Developer Tutorials

Add Subtitles to Video with JSON: API Tutorial

Add subtitles to video with JSON using Zvid's API. Generate timed captions, style subtitles, sync audio, and render captioned videos.

Published May 14, 2026

Add Subtitles to Video with JSON: API Tutorial

Add Subtitles to Video with JSON: API Tutorial

To add subtitles to a video with JSON, define caption segments with start, end, text, and words, add optional subtitle styles, then send the full video payload to a rendering API. In Zvid, subtitles live in the top-level subtitle object of the render payload, so captions can be generated, edited, versioned, translated, and rendered alongside the rest of the video scene.

The practical flow is simple: create the video layout, add timed caption data, submit the render job to POST https://api.zvid.io/api/render/api-key, and poll GET https://api.zvid.io/api/jobs/{id} until the captioned output is ready. If you start with an already recorded video or audio file, transcribe it upstream with a speech-to-text service, then convert that subtitle output into Zvid's captions and words structure before rendering. Keep the Subtitle reference, Caption reference, Word reference, and SubtitleStyles reference nearby while you implement.

Hero image for adding subtitles to video with JSON in the Zvid API

Subtitles become easier to automate when transcript output becomes structured caption data.

If you are new to Zvid's overall render model, start with the JSON Structure overview, then compare this subtitle-focused workflow with How to Generate a Video from JSON and the broader JSON to Video API guide.

Here is the API loop most developers need:

curl -X POST https://api.zvid.io/api/render/api-key \
  -H "Content-Type: application/json" \
  -H "x-api-key: YOUR_API_KEY" \
  -d @captioned-render.json

curl -X GET https://api.zvid.io/api/jobs/$JOB_ID \
  -H "x-api-key: YOUR_API_KEY"

The JSON subtitle model

Zvid subtitles are not a separate file upload in the common API pattern. They are part of the render payload. That makes them useful for applications that already produce transcripts, voiceover scripts, product narration, or short-form social captions as data.

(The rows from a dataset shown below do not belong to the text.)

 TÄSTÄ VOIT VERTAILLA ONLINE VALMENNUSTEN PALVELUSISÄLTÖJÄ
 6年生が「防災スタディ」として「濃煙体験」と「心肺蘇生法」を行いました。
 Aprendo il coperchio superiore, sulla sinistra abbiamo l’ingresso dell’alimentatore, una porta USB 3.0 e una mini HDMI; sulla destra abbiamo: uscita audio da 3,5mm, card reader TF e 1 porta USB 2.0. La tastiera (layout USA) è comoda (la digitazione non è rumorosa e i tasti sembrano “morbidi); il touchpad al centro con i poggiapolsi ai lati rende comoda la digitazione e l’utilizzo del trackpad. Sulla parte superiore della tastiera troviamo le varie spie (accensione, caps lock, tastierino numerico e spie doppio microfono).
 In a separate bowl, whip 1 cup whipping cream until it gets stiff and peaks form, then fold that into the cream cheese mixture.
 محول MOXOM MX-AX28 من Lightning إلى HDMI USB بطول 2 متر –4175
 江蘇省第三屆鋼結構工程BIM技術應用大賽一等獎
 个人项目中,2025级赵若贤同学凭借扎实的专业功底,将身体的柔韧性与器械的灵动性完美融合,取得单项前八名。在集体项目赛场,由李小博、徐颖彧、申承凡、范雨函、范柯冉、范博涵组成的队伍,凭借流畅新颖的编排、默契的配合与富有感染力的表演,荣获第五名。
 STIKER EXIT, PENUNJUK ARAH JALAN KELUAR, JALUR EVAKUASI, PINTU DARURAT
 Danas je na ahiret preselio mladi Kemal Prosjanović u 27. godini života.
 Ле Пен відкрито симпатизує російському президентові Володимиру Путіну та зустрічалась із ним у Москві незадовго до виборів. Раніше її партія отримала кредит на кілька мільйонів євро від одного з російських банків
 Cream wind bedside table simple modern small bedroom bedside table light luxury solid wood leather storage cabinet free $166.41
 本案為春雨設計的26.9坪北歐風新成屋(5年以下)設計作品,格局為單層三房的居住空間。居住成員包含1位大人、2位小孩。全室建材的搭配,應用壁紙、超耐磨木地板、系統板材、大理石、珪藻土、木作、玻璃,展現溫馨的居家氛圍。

The top-level subtitle object contains:

  • captions: an array of timed caption segments.
  • styles: optional typography, placement, and display mode settings.

Each caption segment contains:

  • start: when the caption appears, in seconds.
  • end: when the caption disappears, in seconds.
  • text: the full caption text for that segment.
  • words: an array of word-level timings.

Each word item contains start, end, and text. Word timings power interactive-looking subtitle modes such as one-word, karaoke, and progressive captions. They also make your data easier to inspect when a caption feels early, late, or hard to read.

This is different from uploading an external WebVTT, SRT, or closed captioning file after export. With Zvid, the caption text, timing metadata, font, position, and display mode can travel with the same JSON to video template that controls the visual scene. That gives your app full control over how subtitles appear in the final video, instead of merging captions manually in a separate editor.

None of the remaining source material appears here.